Available data START

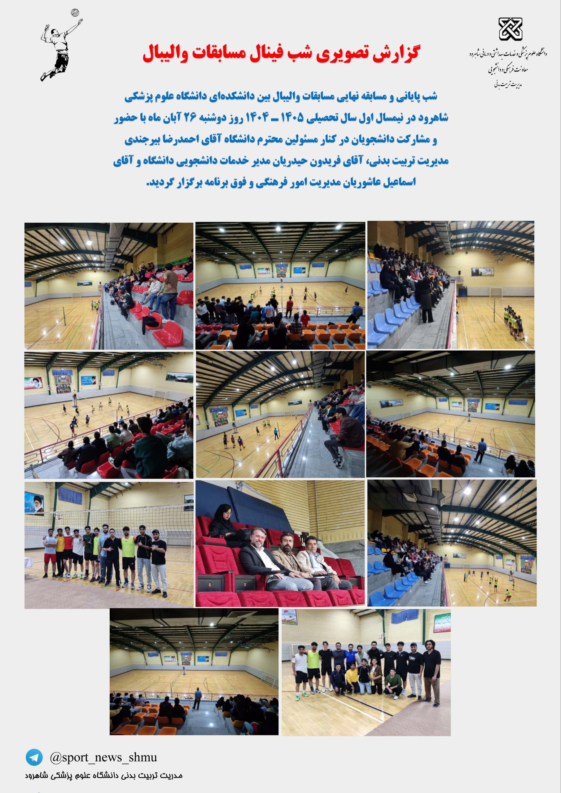 گزارش شب فینال مسابقات والیبال دانشجویان پسذ درنیمسال اول تحصیلی ۱۴۰۴-۱۴۰۵ ۰۳ دی ۱۴۰۴ | ۱۳:۲۹ کد : ۲۲۵۴۲ تربیت بدنی ارسال به دیگران نام شما ایمیل شما ایمیل دریافتکننده ارسال انصراف تعداد بازدید:۲
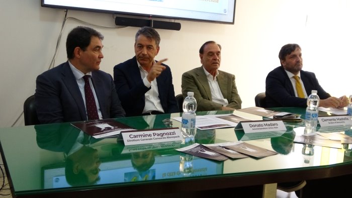 Nella sala riunioni dell'Asia di via della Puglie, l'amministratore unico Donato Madaro, ; il direttore generale del consorzio Biorepack, Carmine Pagnozzi; l'assessore all'Ambiente, Alessandro Rosa e il sindaco di Benevento, Clemente Mastella.
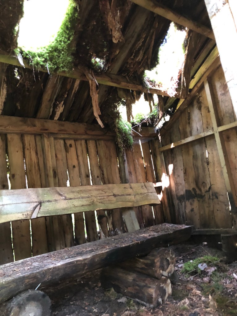 There are little wooden story boxes along the trail that tell about the people who farmed the land here, or plants or wildlife. One box suggested that a fella who settled some land was a sorcerer…you’d have to be a sorcerer to live up there…what did they eat so far away from everything? What did they grow in a place full of trees?

Available data END

> [About this task]
Would you return the material exactly, images excluded?

> [Output for this task]
 گزارش شب فینال مسابقات والیبال دانشجویان پسذ درنیمسال اول تحصیلی ۱۴۰۴-۱۴۰۵ ۰۳ دی ۱۴۰۴ | ۱۳:۲۹ کد : ۲۲۵۴۲ تربیت بدنی ارسال به دیگران نام شما ایمیل شما ایمیل دریافتکننده ارسال انصراف تعداد بازدید:۲
 Nella sala riunioni dell'Asia di via della Puglie, l'amministratore unico Donato Madaro, ; il direttore generale del consorzio Biorepack, Carmine Pagnozzi; l'assessore all'Ambiente, Alessandro Rosa e il sindaco di Benevento, Clemente Mastella.
 There are little wooden story boxes along the trail that tell about the people who farmed the land here, or plants or wildlife. One box suggested that a fella who settled some land was a sorcerer…you’d have to be a sorcerer to live up there…what did they eat so far away from everything? What did they grow in a place full of trees?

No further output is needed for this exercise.